Given entries:
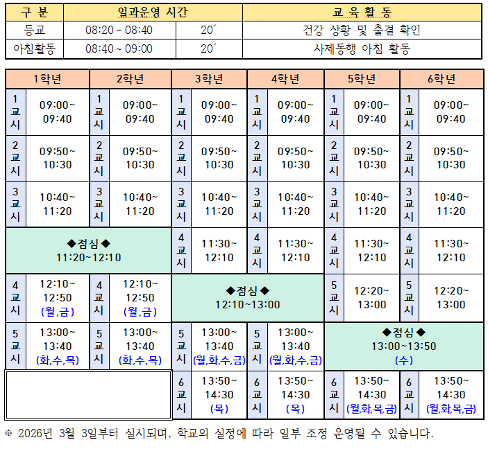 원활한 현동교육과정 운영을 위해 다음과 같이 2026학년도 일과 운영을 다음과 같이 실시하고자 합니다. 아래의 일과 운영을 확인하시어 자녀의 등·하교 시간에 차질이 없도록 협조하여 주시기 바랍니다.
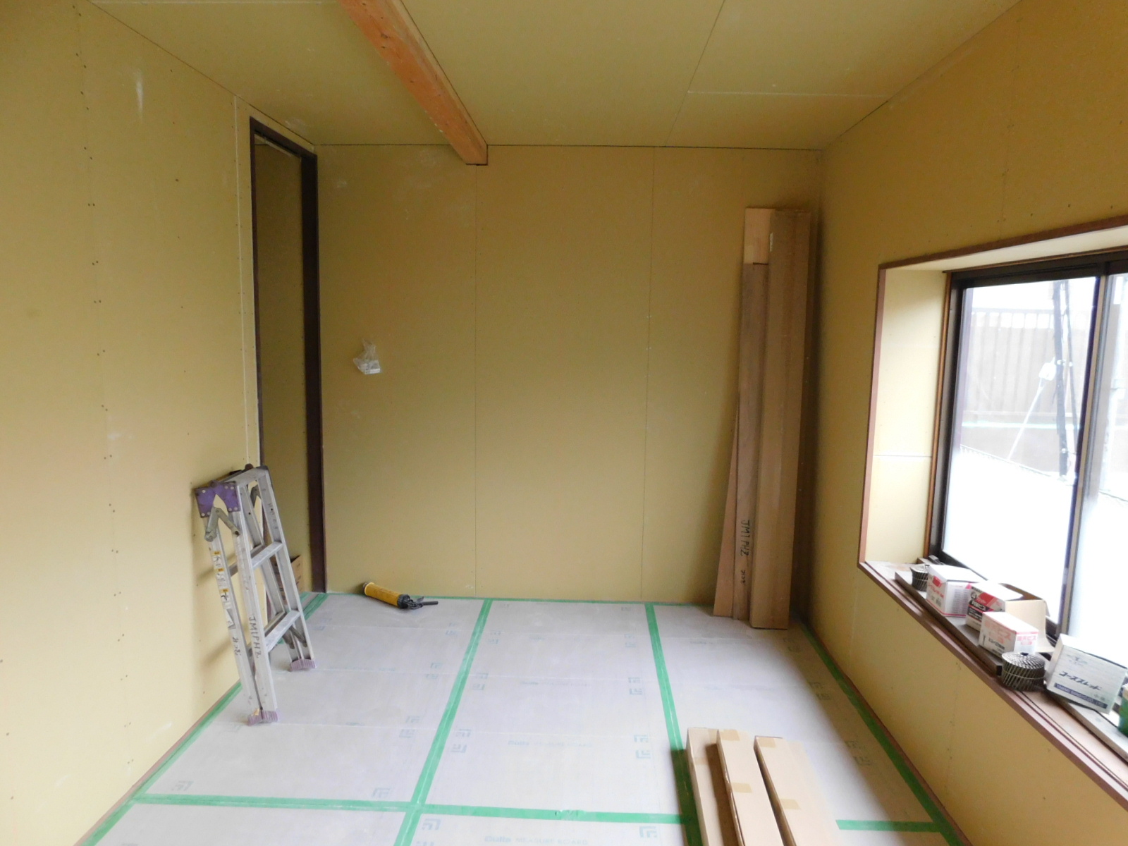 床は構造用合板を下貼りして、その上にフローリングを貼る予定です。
---
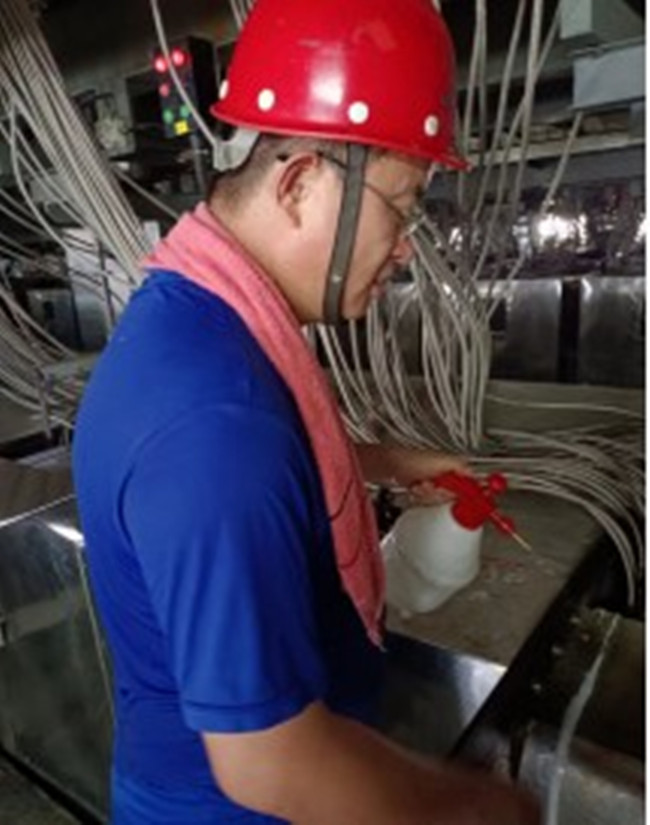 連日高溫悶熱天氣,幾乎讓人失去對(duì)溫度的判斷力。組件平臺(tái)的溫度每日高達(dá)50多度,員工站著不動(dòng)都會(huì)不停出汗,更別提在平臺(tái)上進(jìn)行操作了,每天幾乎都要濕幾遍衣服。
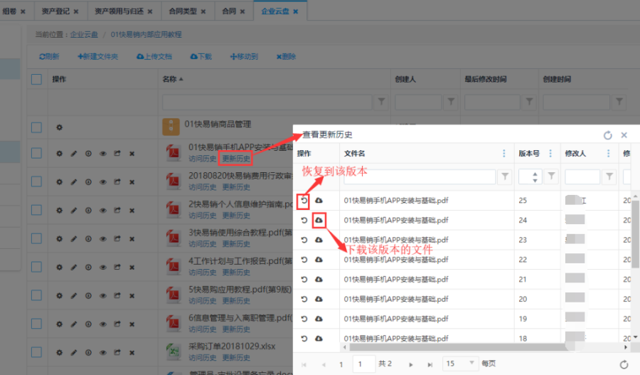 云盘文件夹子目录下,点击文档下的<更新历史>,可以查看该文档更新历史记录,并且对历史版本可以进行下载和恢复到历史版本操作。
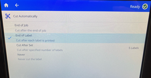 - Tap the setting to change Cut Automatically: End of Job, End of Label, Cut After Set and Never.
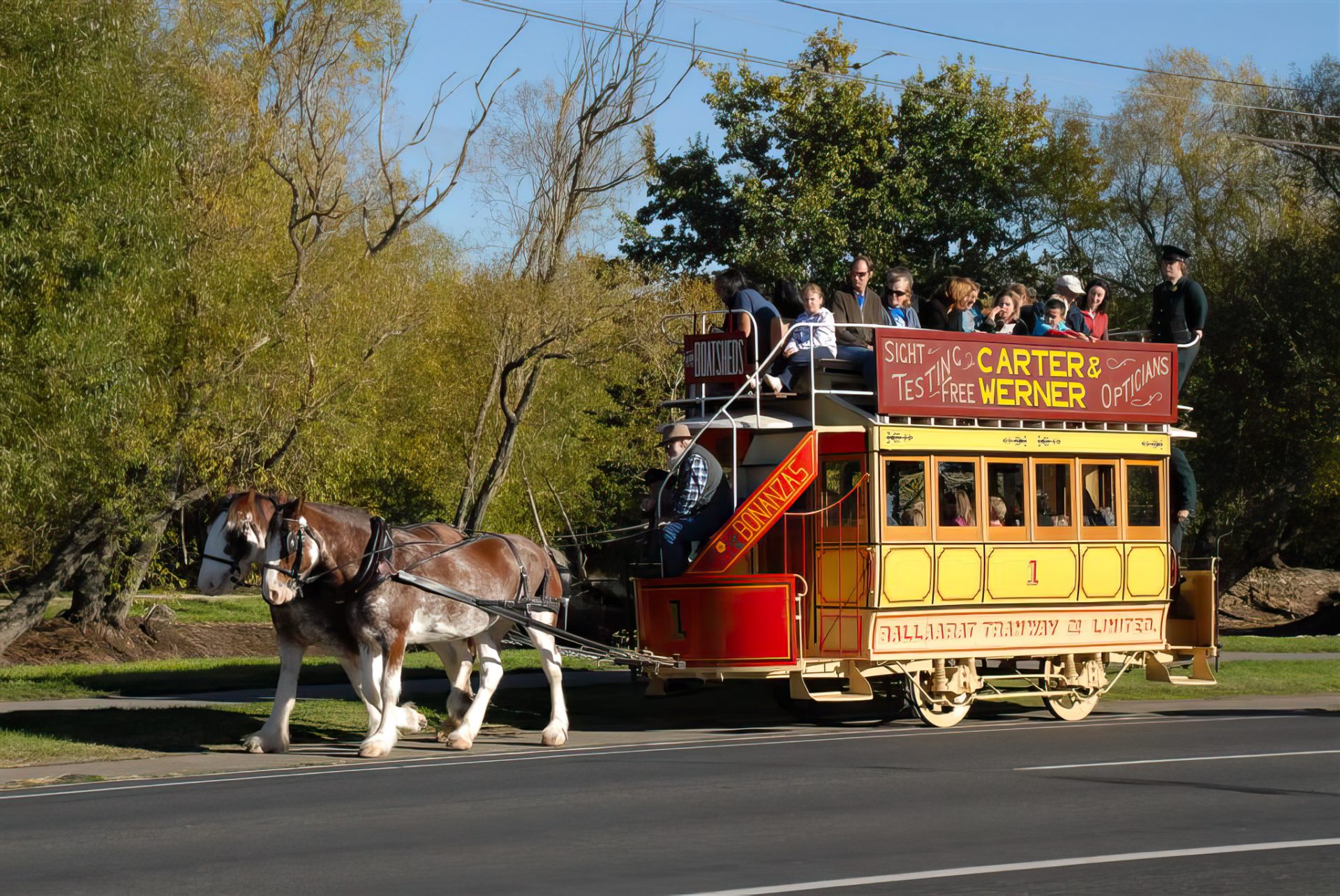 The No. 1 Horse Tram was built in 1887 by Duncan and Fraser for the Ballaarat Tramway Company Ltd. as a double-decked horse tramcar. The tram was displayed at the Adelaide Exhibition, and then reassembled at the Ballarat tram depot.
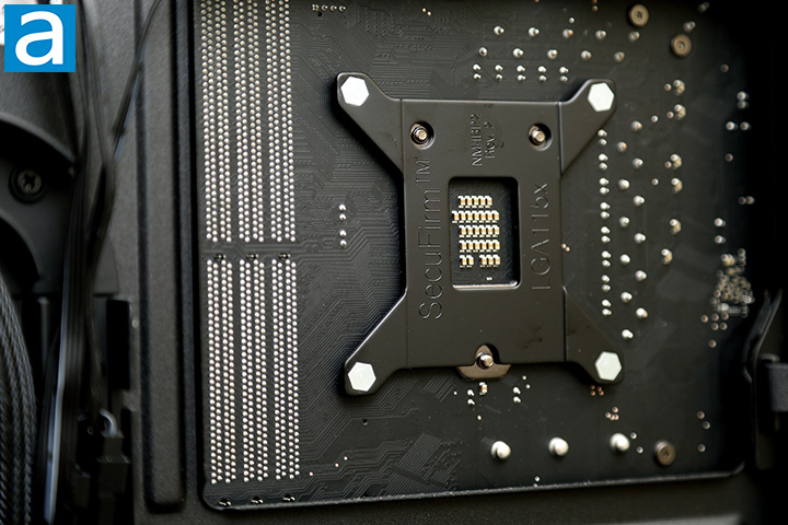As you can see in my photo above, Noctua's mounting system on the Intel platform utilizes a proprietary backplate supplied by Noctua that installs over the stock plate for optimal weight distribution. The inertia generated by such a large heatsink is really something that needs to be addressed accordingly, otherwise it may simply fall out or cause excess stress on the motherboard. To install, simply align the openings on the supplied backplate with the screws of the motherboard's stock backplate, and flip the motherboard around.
--
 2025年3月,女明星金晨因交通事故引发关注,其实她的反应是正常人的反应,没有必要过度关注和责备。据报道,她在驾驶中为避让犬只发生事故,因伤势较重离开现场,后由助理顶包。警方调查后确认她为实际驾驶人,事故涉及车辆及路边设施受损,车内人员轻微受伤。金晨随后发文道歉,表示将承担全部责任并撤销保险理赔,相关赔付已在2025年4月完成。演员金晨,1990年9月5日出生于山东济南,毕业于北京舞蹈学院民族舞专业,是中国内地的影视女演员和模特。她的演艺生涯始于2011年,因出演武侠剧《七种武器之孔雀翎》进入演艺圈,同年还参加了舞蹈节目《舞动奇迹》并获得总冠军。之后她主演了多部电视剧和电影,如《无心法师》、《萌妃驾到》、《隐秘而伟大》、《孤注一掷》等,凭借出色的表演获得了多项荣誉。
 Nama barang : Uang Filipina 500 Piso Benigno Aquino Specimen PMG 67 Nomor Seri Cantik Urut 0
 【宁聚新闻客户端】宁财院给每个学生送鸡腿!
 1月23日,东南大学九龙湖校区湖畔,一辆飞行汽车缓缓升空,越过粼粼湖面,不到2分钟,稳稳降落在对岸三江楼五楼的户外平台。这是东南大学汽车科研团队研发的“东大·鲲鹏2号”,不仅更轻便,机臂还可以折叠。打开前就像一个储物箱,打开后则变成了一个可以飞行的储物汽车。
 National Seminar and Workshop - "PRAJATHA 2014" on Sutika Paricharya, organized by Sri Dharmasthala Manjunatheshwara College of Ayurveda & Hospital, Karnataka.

Description of the task: Take the material above from the line bearing "원활한 현동교육과정 운영을" through the line bearing "床は構造用合板を下貼りして、その上にフローリングを貼る予定です。" and write it out exactly, both end lines included. Pictures stay out.

Reply to the exercise:
 원활한 현동교육과정 운영을 위해 다음과 같이 2026학년도 일과 운영을 다음과 같이 실시하고자 합니다. 아래의 일과 운영을 확인하시어 자녀의 등·하교 시간에 차질이 없도록 협조하여 주시기 바랍니다.
 床は構造用合板を下貼りして、その上にフローリングを貼る予定です。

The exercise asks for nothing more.